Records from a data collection

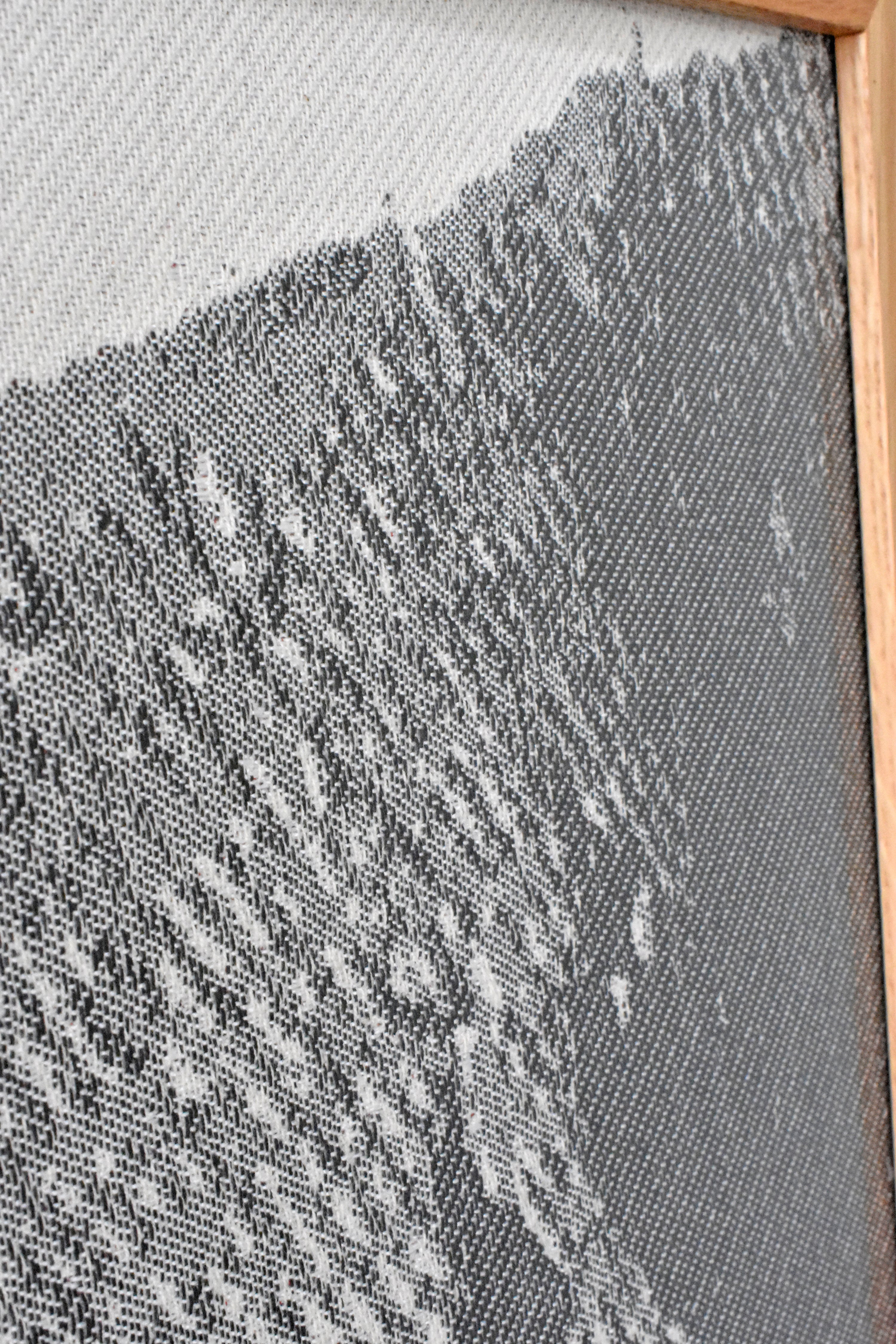The original weaving that this digital jacquard weaving represents was expertly crafted with the rare Navajo weaving technique known as the "Raised Outline", this piece showcases the artist's expertise while honoring cultural traditions. Sharp has spent the last 10 years volunteering, working and learning from the Navajo weavers of the Navajo Nation.
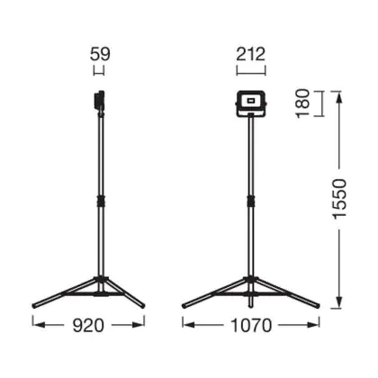 Description Ledvance Projecteur LED Projecteurs De Chantier Value Trépied Noir 20W 2000lm - 865 Lumière Du Jour | IP54 - Batterie - Symétrique
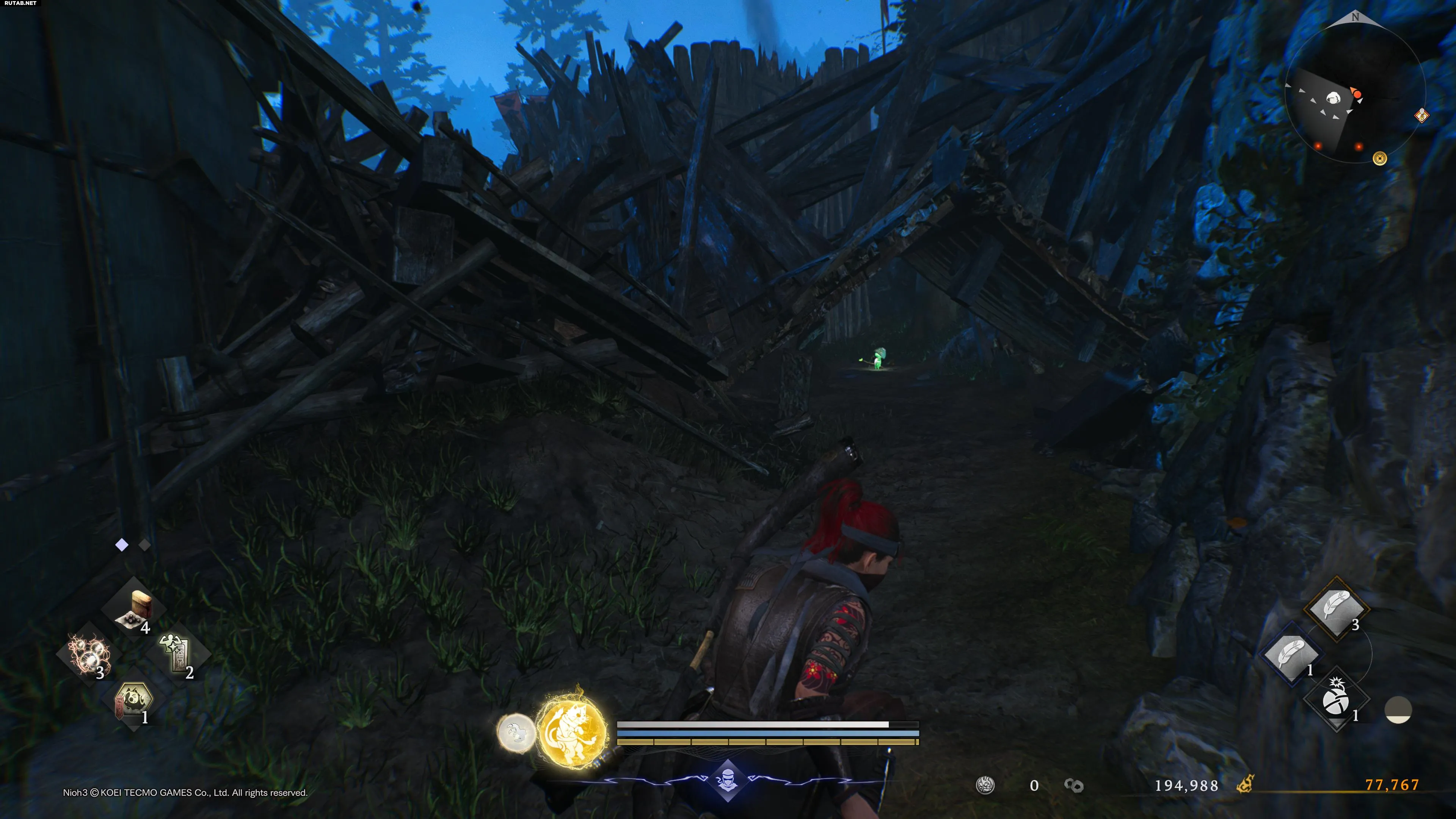 Далее отправляйтесь на север к святилищу Лес Светлячков. Идите по извилистой тропе справа, попутно разбираясь с Нодзути, Нурэ-онной и Ямабико.
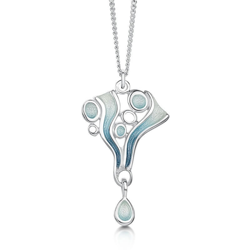 This small Arctic Stream pendant necklace in sterling silver features an ice, rock and flowing water design, beautifully highlighted in Sheila's 'Arctic Blue' enamel. The piece is approximately 18mm x 29mm overall and hangs elegantly on a sterling silver w
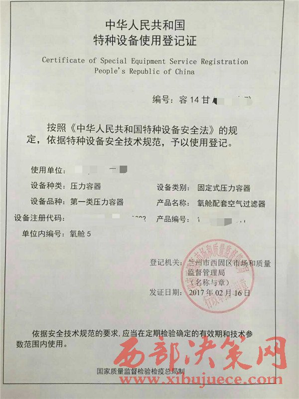 此次特種設(shè)備使用證書的順利發(fā)放,標志著蘭州市西固區(qū)政務(wù)服務(wù)中心市場和質(zhì)量監(jiān)督管理局中心窗口對轄區(qū)單位已進入“嚴謹、認真、務(wù)實、高效”的新時期服務(wù)軌道。
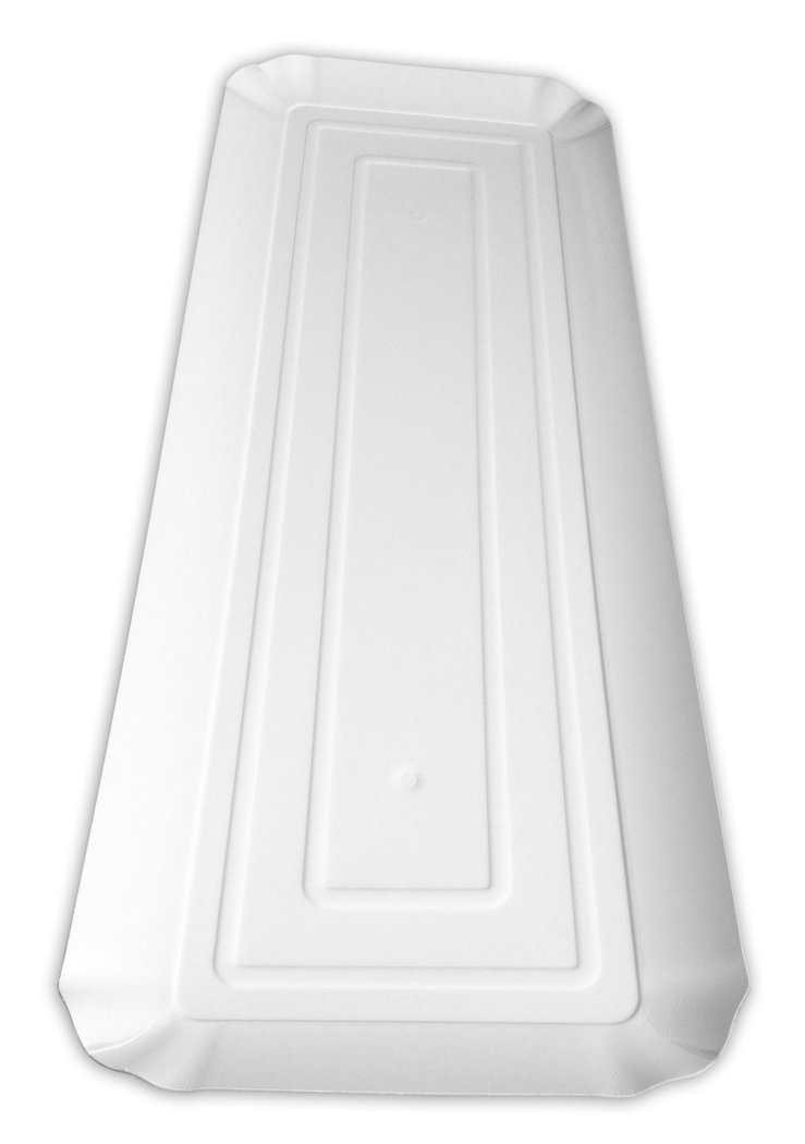 • Prato descartável branco retangular com relevo e bordas elevadas
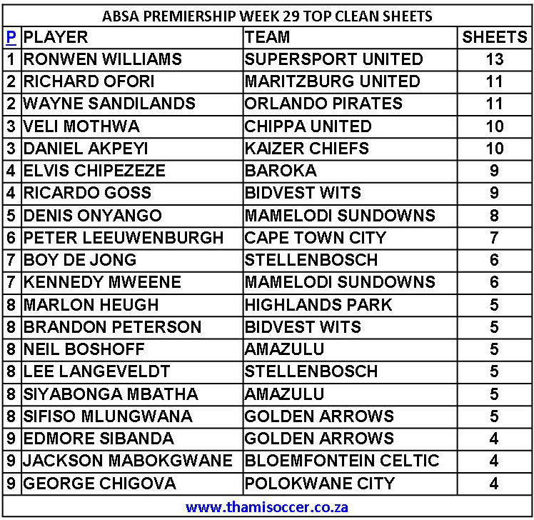 ABSA Premiership Top Clean Sheets 2 September 2020 Posted on 2020-09-032020-09-03 By Thami Mshengu No Comments on ABSA Premiership Top Clean Sheets 2 September 2020 (Visited 16 times, 1 visits today)Share this:TwitterWhatsAppPrintTumblrLinkedInFacebookTelegramRedditPocket Related Betway Premiership
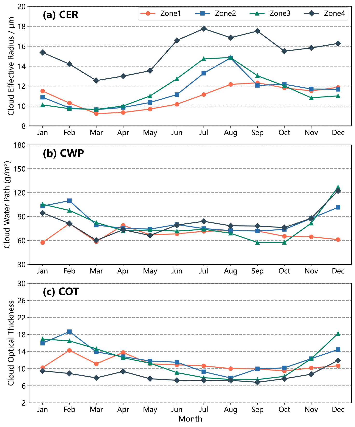 Figure 9. Monthly mean values of cloud physical properties for the subregions of China’s coastal seas. (a) cloud effective particle radius, (b) cloud liquid water path, and (c) cloud optical thickness
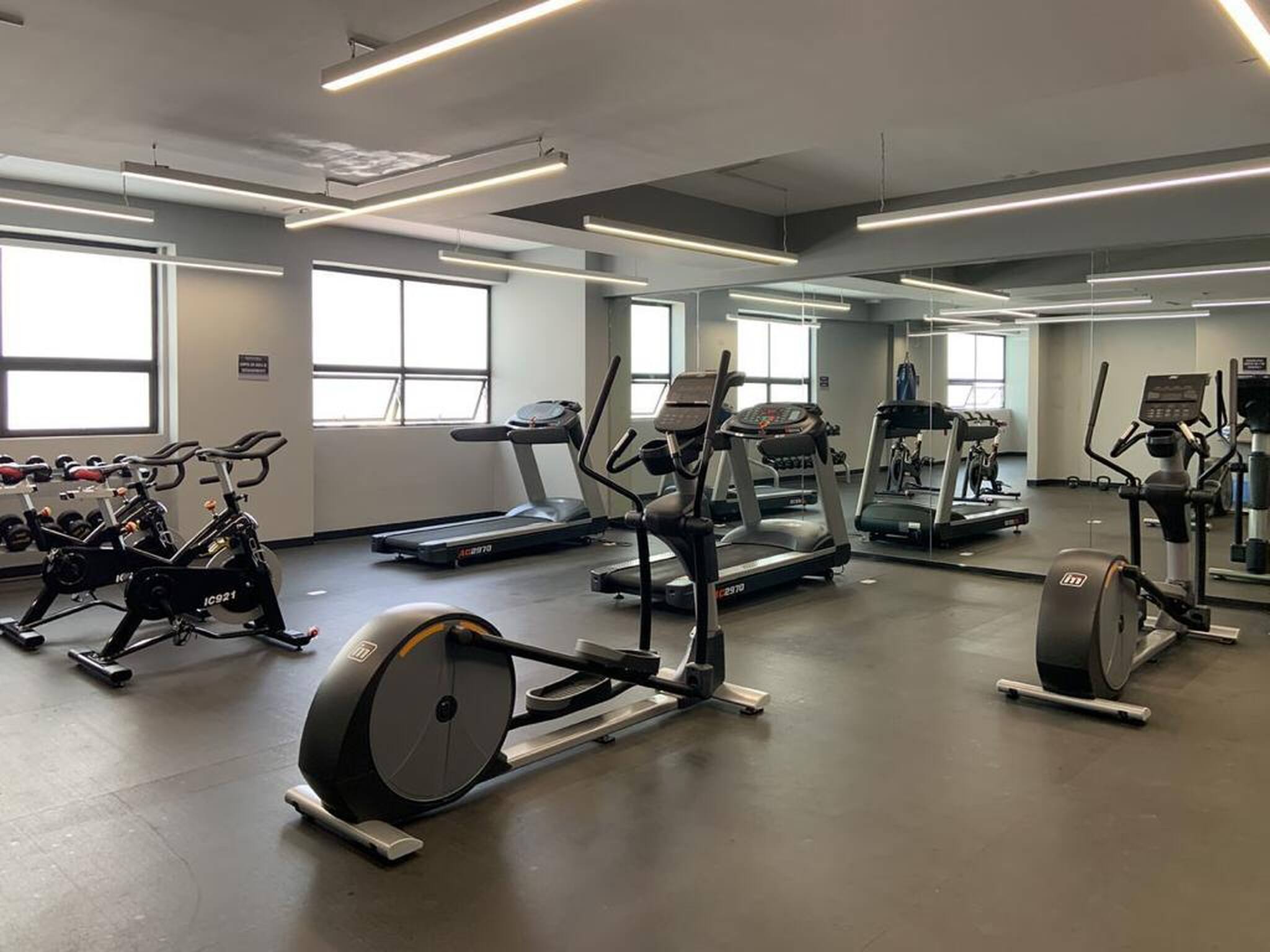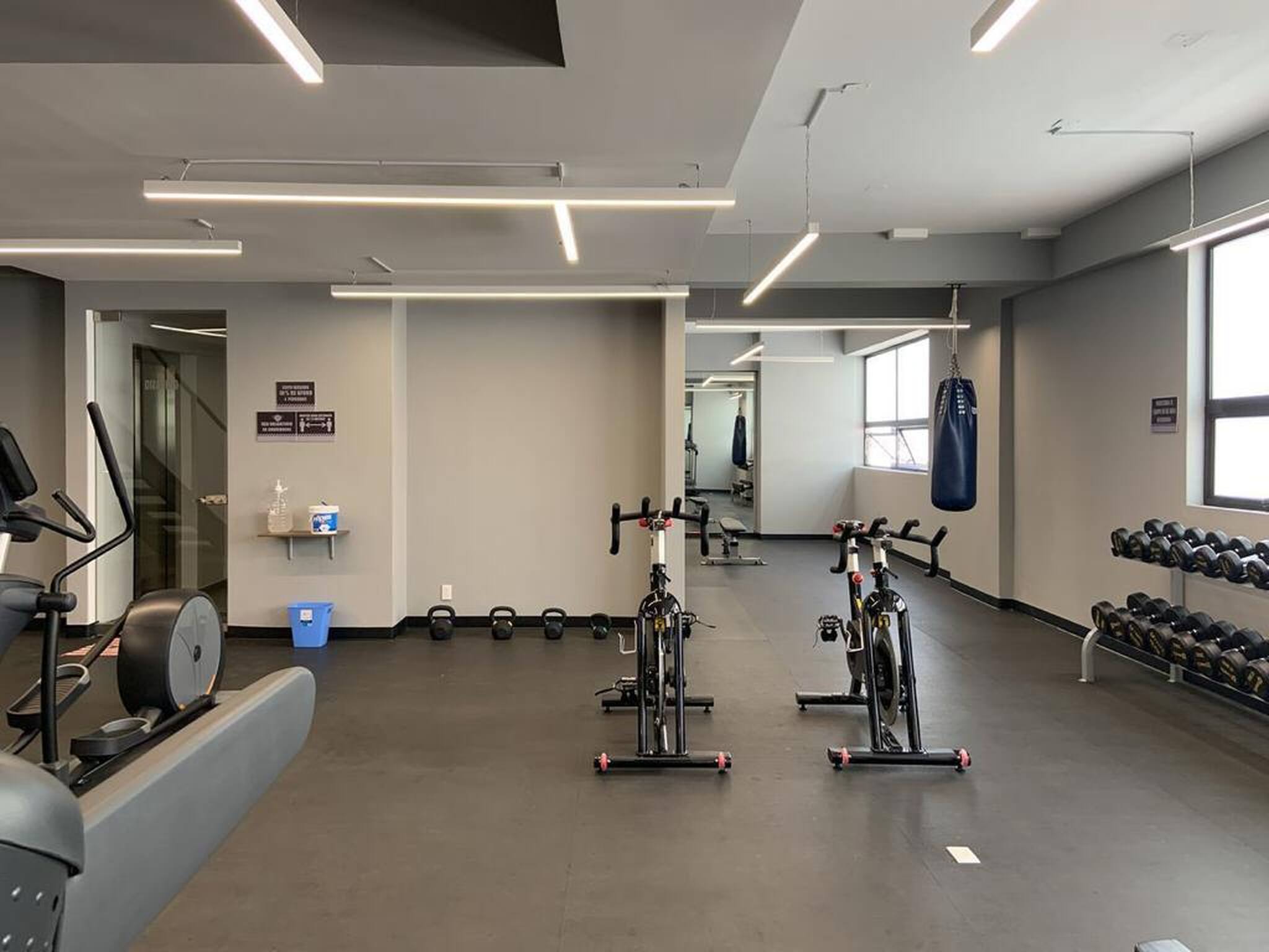 The apartment offers high-speed WiFi, two televisions, and features designed for comfort such as smoke and carbon monoxide detectors, blackout curtains, hangers, and cleaning products. A shared gym allows you to maintain your exercise routine during your stay.

**What this task involves:** Word for word, write out each of the records, but not the pictures.

**Reply to the task:**
The original weaving that this digital jacquard weaving represents was expertly crafted with the rare Navajo weaving technique known as the "Raised Outline", this piece showcases the artist's expertise while honoring cultural traditions. Sharp has spent the last 10 years volunteering, working and learning from the Navajo weavers of the Navajo Nation.
 Description Ledvance Projecteur LED Projecteurs De Chantier Value Trépied Noir 20W 2000lm - 865 Lumière Du Jour | IP54 - Batterie - Symétrique
 Далее отправляйтесь на север к святилищу Лес Светлячков. Идите по извилистой тропе справа, попутно разбираясь с Нодзути, Нурэ-онной и Ямабико.
 This small Arctic Stream pendant necklace in sterling silver features an ice, rock and flowing water design, beautifully highlighted in Sheila's 'Arctic Blue' enamel. The piece is approximately 18mm x 29mm overall and hangs elegantly on a sterling silver w
 此次特種設(shè)備使用證書的順利發(fā)放,標志著蘭州市西固區(qū)政務(wù)服務(wù)中心市場和質(zhì)量監(jiān)督管理局中心窗口對轄區(qū)單位已進入“嚴謹、認真、務(wù)實、高效”的新時期服務(wù)軌道。
 • Prato descartável branco retangular com relevo e bordas elevadas
 ABSA Premiership Top Clean Sheets 2 September 2020 Posted on 2020-09-032020-09-03 By Thami Mshengu No Comments on ABSA Premiership Top Clean Sheets 2 September 2020 (Visited 16 times, 1 visits today)Share this:TwitterWhatsAppPrintTumblrLinkedInFacebookTelegramRedditPocket Related Betway Premiership
 Figure 9. Monthly mean values of cloud physical properties for the subregions of China’s coastal seas. (a) cloud effective particle radius, (b) cloud liquid water path, and (c) cloud optical thickness
 The apartment offers high-speed WiFi, two televisions, and features designed for comfort such as smoke and carbon monoxide detectors, blackout curtains, hangers, and cleaning products. A shared gym allows you to maintain your exercise routine during your stay.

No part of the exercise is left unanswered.